Reviewing five actions to show how industrials can invest in renewable energy

No one said the energy transition is easy. For many companies there have been cost and accounting reasons why they have not been active in investing in renewable energy. Andrew Winston writes on the Harvard Business Review website how it can be made to happen.

 

How Industrial Firms Invest in Renewable Energy, Affordably

Big companies have been buying a lot of clean energy lately – 3.5 gigawatts of renewable capacity last year alone (a good chunk of all the capacity added*). These leaders, mostly consumer-facing brands like Google, Apple, Microsoft, Walmart, and IKEA, have been covering their roofs and filling giant fields with solar panels and wind turbines. To do this, they have mostly used power purchasing agreements (PPAs) to buy their clean power. Under this financing structure, the company contracts to buy kilowatts, not the turbines and panels. They put up almost no capital and usually lower their day-to-day energy costs.

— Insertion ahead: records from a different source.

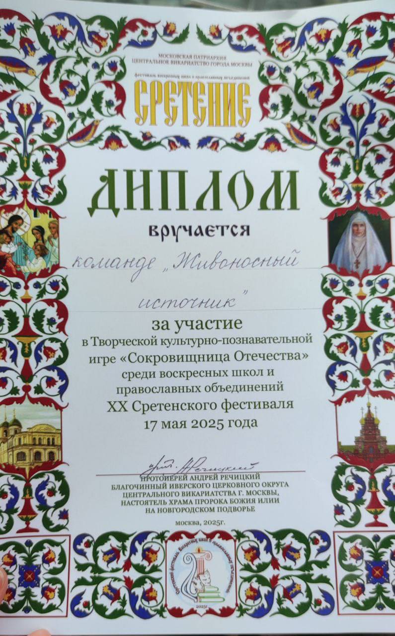 17 мая 2025 года воспитанники Воскресной школы при нашем храме приняли участие в культурно-познавательной игре «Сокровищница Отечества», которая прошла в парке «Новослободский».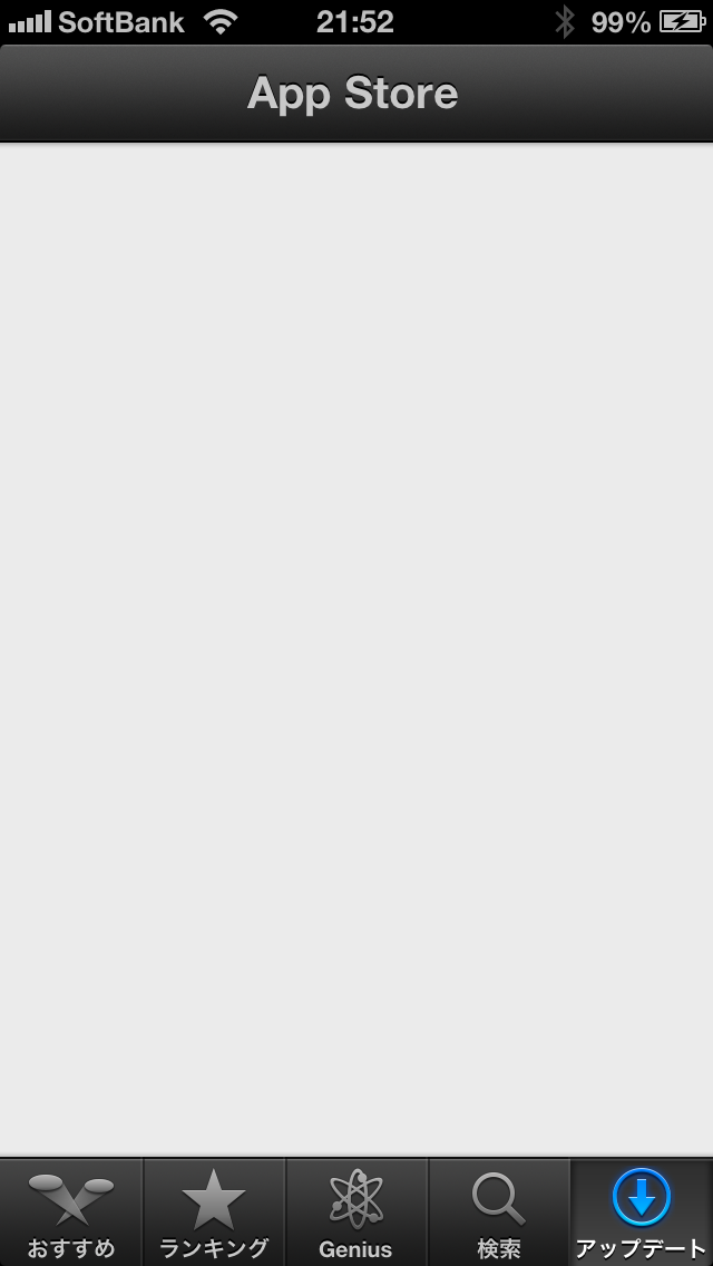 アップデートを施すよう、ホーム画面のApp Storeのアイコンに数字が表示されていたのでアップデートを見ますが、何も表示されません。なので、購入済みAppも確認することができない状態です。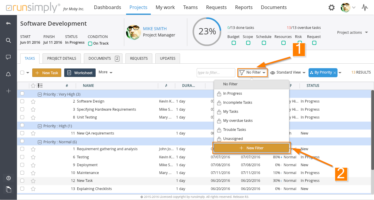 In order to create a new filter, click on the filters tool 1 and then press the New Filter button 2.

It sounds like an easy win-win, but industrial companies have had a harder time making it all work for two key reasons: costs and accounting. First, due in large part to the scale and consistency of their energy purchasing, industrials already pay the lowest rates for power. Second, signing long-term power agreements for 15 to 20 years is hard for any company to swallow, and they often struggle with how to handle the accounting (is the contract a lease? Is it a liability, an asset, or something else?). This hurdle seems especially hard for old-school, more fiscally conservative entities.

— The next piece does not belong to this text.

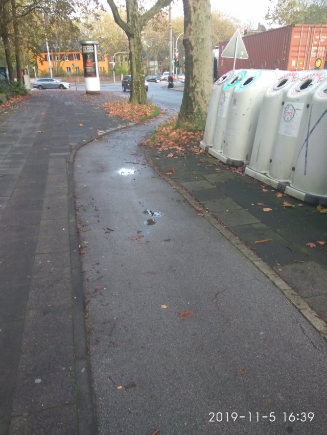 Ist natürlich nur ein Beispiel, ich kenne viele Stellen. An einigen müsste man über den Fußweg oder auf der Straße fahren, um die Ampel bei grün zu erwischen. Macht man den Schlenk mit muss man die Geschwindigkeit deutlich absenken, weil das mit normaler Fahrgeschwindigkeit nicht zu machen ist.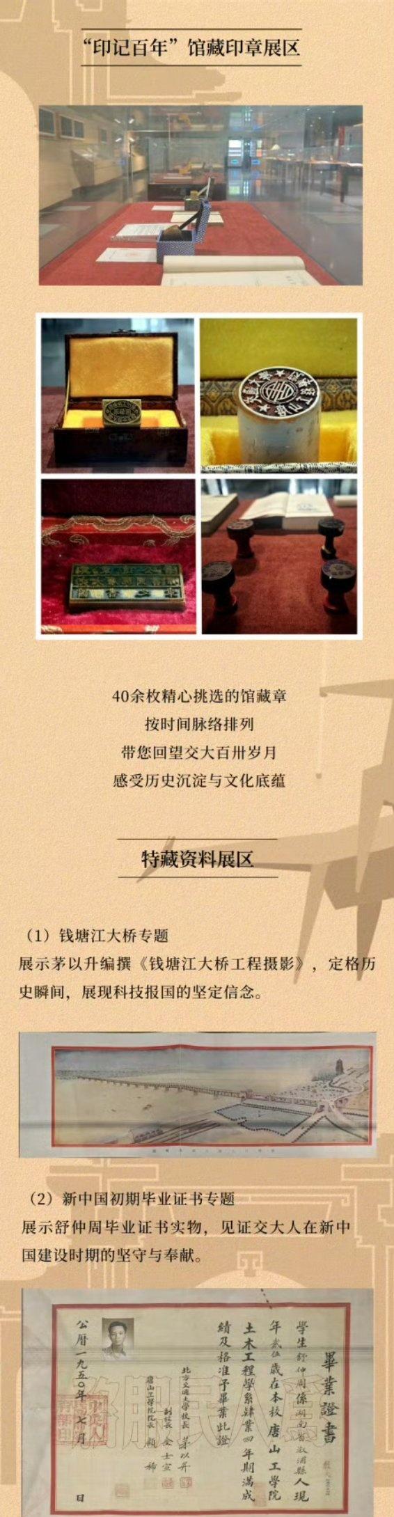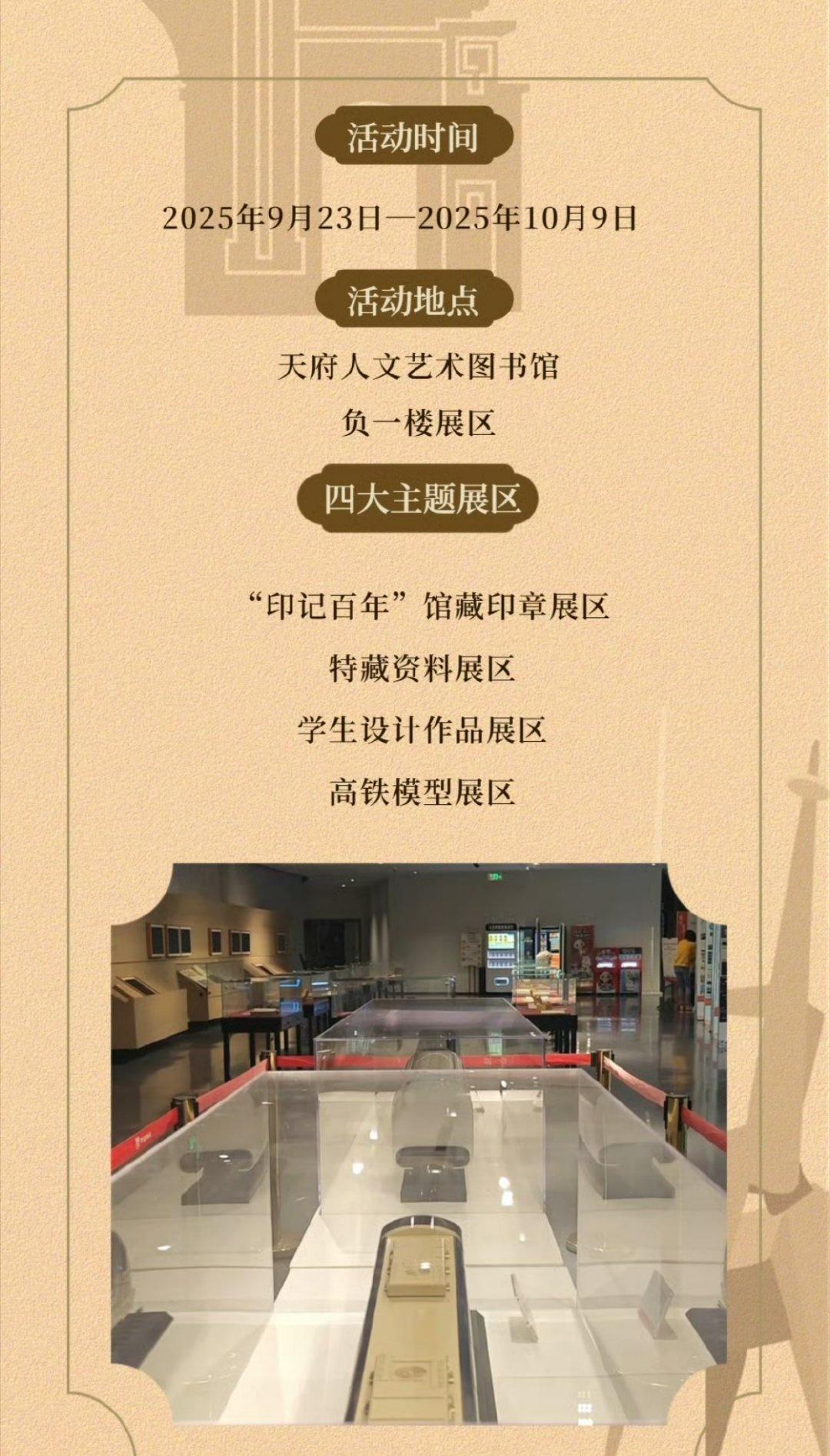 当百卅交大的厚重历史走出@西南交通大学 ,到天府人文艺术图书馆,你会看到40余枚馆藏印章钱塘江大桥历史资料、抗战时期与新中国成立初期的交大毕业证书、当代交大师生设计作品……这是一段浓缩的交大岁月,更是一部奋进的交大史诗,它像是一代又一代交大人的情感链接,连接着过去与现在,也启迪着我们未来“向何处去”。欢迎在国庆假期前往天府人文艺术图书馆聆听交大岁月深处的回响~

So the PPA terms that retailers and tech companies sign have not worked for the heavy guys.

Until now.

Manufacturers like Dow and Owens Corning are showing it can work for industrials as well. Both have recently contracted to buy the power from multiple 100-plus megawatt wind farms. I spoke with Owens Corning execs, catching up after working with them a number of years ago, to understand how they did it. Frank O’Brien-Bernini, the company’s Vice President and Chief Sustainability Officer, laid out the strategy he and his team used to get over the hurdles, which boils down to five key actions:

Research how others do it. They held about 40 meetings with companies that had bought renewable energy and with big project developers. Then, after their own renewables purchases, they’ve “paid it forward” and talked with other industrials.

Get early buy-in. They had framing conversations with the CEO and CFO early on to discuss any financial or operational challenges. As renewables costs have dropped, the first hurdle on cost has gotten easier, but not gone away entirely, and the accounting issues remain.

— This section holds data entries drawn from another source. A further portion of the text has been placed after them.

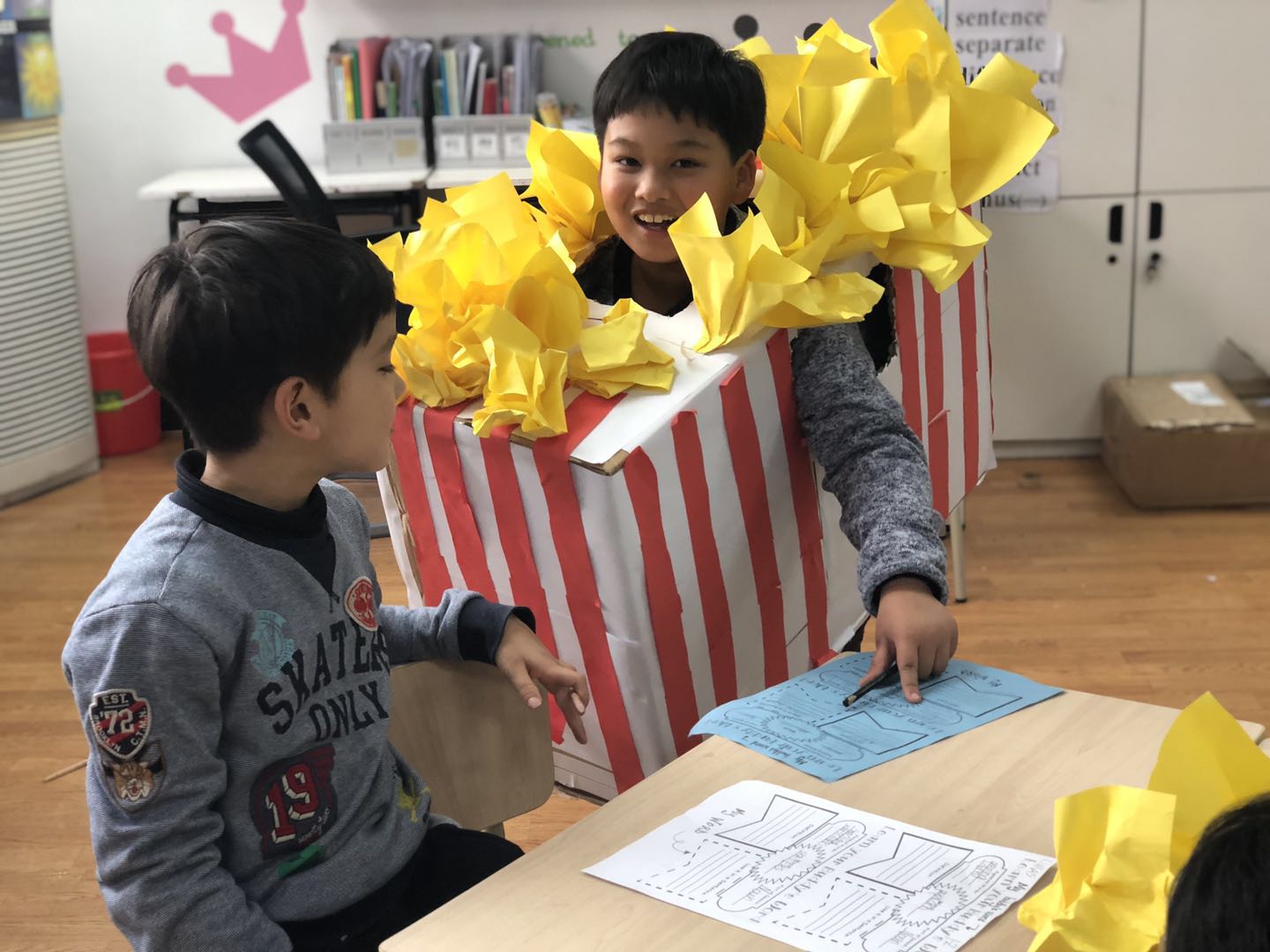 The 5th week of this semester was “Celebrate Reading Week”. All the third graders of Pudong campus celebrated from March 18th to 22nd by participating in different fun activities. Monday was Crazy Hair/Hat Day. The students wore creative hats and fun wigs. Tuesday was the Word Parade, so students dressed up as their favorite word and went on a vocabulary scavenger hunt. Then on Wacky Socks Day, the students wore wacky socks to celebrate the book “Fox in Socks”. On Thursday, they dressed up as characters from the books they’ve read to celebrate Favorite Character Day. Last but not least, Friday was Pajama Day, so the students wore the comfy pajamas and brought their favorite stuffed animals to school. During this week, the students learned that reading is a truly fun thing to do!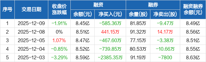 汤姆猫:融资净偿还585.36万元,融资余额8.45亿元(12-09)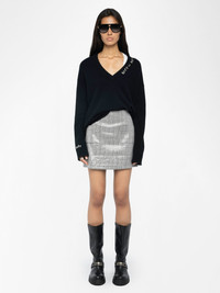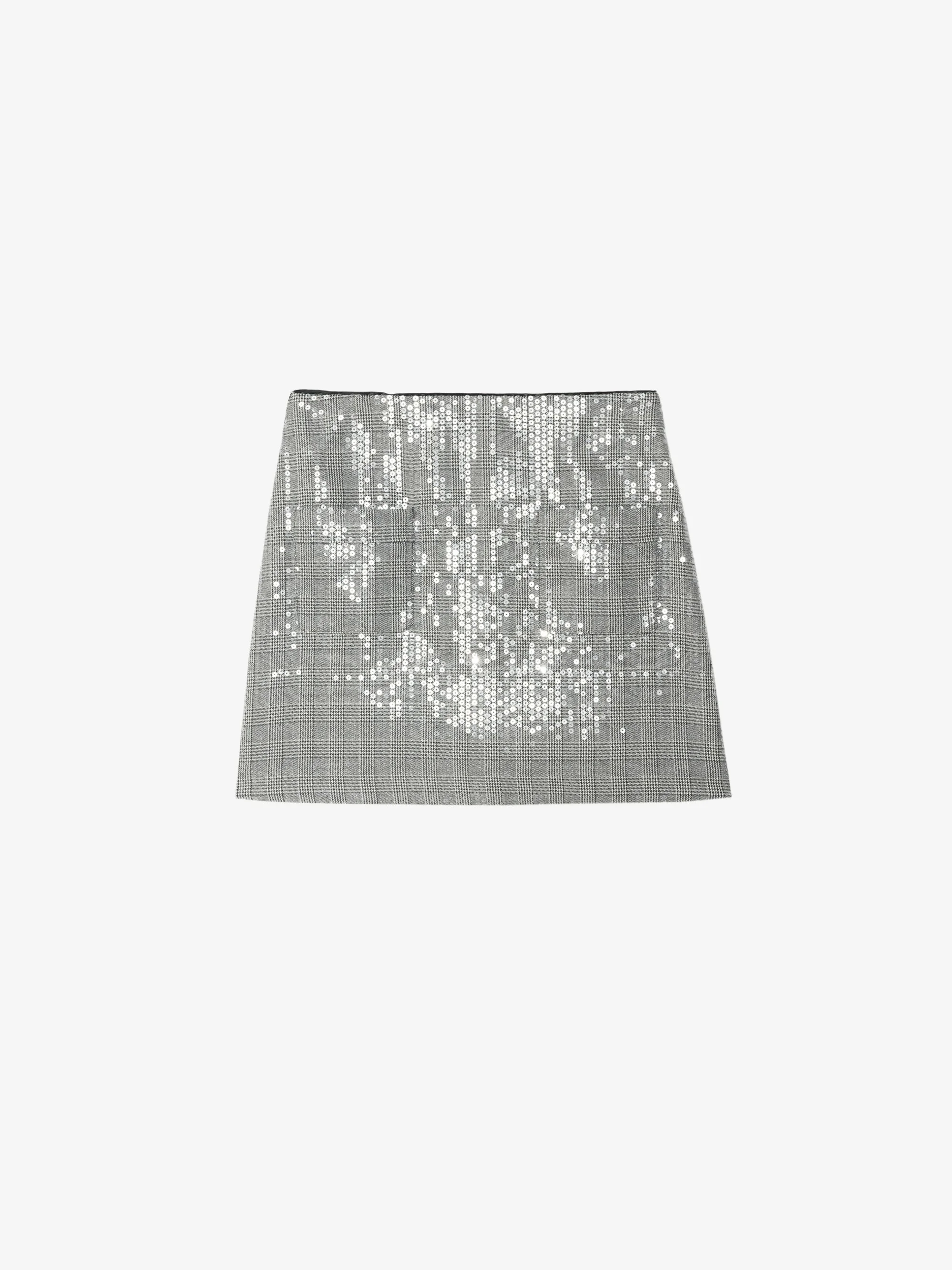 Short straight tailored skirt with sequins, patch pockets at the front and zip fastening at the back. Description & details - Short straight tailored skirt - Sequins - Zip fastening at the back - 2 patch pockets at the front - Topstitching Model is 180 cm / 5' 10" and is wearing a size S This item fits true to size. Choose your usual size. Composition 63% Polyester** 33% Viscose 2% Elasthanne 2% Metallic fiber Care This garment should be dry-cleaned only. Product code: WWSK01616_BLACK

Use cross-functional teams. You need legal, accounting, procurement, energy, and sustainability involved. As O’Brien-Bernini put it, the months they spent getting the deals through their process were “faster than any company the energy suppliers had seen…but it didn’t feel fast!” His experience gibes with the findings of a new survey that PwC conducted on corporate renewable buying. Well over half the respondents reported that three or more corporate functions were “key decision makers.”

Find the right locations for the business. The company started with smaller PV systems at two Owens Corning facilities: an insulation plant and an office parking lot in Ohio. These impressed employees. Then they made the bigger moves to reduce their GHG and energy footprint. The company contracted for the power output from two new 125-megawatt wind farms in Texas and Oklahoma. As with most PPAs, the contract was a critical asset for the energy developer to take, literally, to the bank to get financings.

For Owens Corning, the locations matter. The Texas site alone produces more energy than what Owens Corning uses across its significant Texas operations. This allowed the company to claim carbon-neutral status for Texas-made products, a nice and strategic marketing win.

Seek advice on the accounting. While PPAs are the dominant model for financing corporate renewables, signing 15- or 20-year agreements can be tricky. So they got third-party advice from PwC about how to treat the purchases and commitments on their financial statements.

In total, getting these renewables deals done takes some work. It requires some solid research on deal structures and locations; organizational navigation to get everyone on board; and savvy accounting. But it’s all worth it. Almost every company that I talk to, regardless of sector, is finding deals at or below their current energy prices. Owens Corning won’t actually reveal the exact energy prices they’re paying. But O’Brien-Bernini implies strongly that it’s a good deal, saying, “This is adding value to our company.”

Execs at industrial companies often believe that they can’t find renewables cheaper than their rock-bottom power rates. They’re wrong — and they’re losing money because of it.

*The estimates on how much capacity was added to the U.S. grid vary, depending on what you’re counting (and who’s counting) from 14.5GW to 19.5GW or more. All sources seem to agree that renewables were two-thirds or more of the total.